Another major problem with the big-bang theory is that it is way out in its prediction of satellite galaxies. University of Cambridge–educated professor of astronomy at the University of Bonn in Germany Dr. Pavel Kroupa points out that we only observe about 1 percent of the number of these galaxies compared to what the theory predicts. He believes this is the clearest evidence that there is something badly wrong with the big-bang model for the origin of the galaxies we observe in space.
Another aspect of the big-bang model we noted earlier is that it describes an expanding universe. This expansion, if it were really occurring, would produce time-dilation phenomena resulting in two light curve-broadening effects for supernovae. However, it has now been discovered from the study of the widths of supernovae light curves that there is only a single broadening effect observed. These observations again provide evidence that the big bang never happened. On the other hand, data from observed surface brightness measurements of galaxies is consistent with the calculations for a nonexpanding universe.
There are a number of other serious problems with the big-bang model that I have not discussed here as they are quite technical in nature.
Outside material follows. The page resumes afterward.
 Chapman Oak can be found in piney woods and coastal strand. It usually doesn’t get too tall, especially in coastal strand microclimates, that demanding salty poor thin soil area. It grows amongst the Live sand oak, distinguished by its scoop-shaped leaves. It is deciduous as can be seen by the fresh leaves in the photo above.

It is possible to propose any number of alternative cosmologies because in reality we cannot really “prove” how our universe came to be on the basis of what we can observe today. The fact remains, however, that some models fit the observed data better than others and to date no mechanical model like the big bang or anything similar has been proposed that fits all the observed data we have now collected. On the other hand, the instantaneous creation model of a universe with the earth near the center fits well with what we actually observe.
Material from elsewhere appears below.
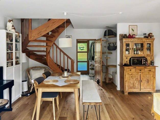 Die charmante Maisonette befindet sich in der sanierten historischen Remise im Innenhof. Im Erdgeschoß befinden sich der Garderobenbereich, der Koch- / Ess- und der Wohnbereich, sowie Gäste-WC und ei...

The big-bang model is taught in schools, colleges, and universities simply because it is the most popular model among scientists who do not want to bring any notion of God into the classroom. They argue that creation is not a testable scientific theory and therefore cannot be taught in a science class. However, to try to save the big-bang theory, they see no problem in teaching inflation theory, which is a nontestable philosophical view. As internationally renowned astrophysicist George Ellis reminds us, a spherical symmetrical universe with earth at its center cannot be disproved on the basis of observations. He goes on to point out that cosmologists are using philosophical criteria to choose their model for the origin of the universe, and a lot of cosmology tries to hide that fact.
When we consider the accumulation of knowledge of the physics and chemistry of our universe, the number of “just right for life to exist” scenarios in relation to our planet, and its location in our solar system, I believe the evidence overwhelmingly supports the philosophy that we came into existence as a result of the will of an all-powerful Creator God. There is presently no proven theory of how we came into existence. However, the fine tuning of the universe that we observe reinforces Professor Fred Hoyle’s decades-old suggestion that the universe and life are the result of a deliberate, intelligent act by a vastly superior intelligence.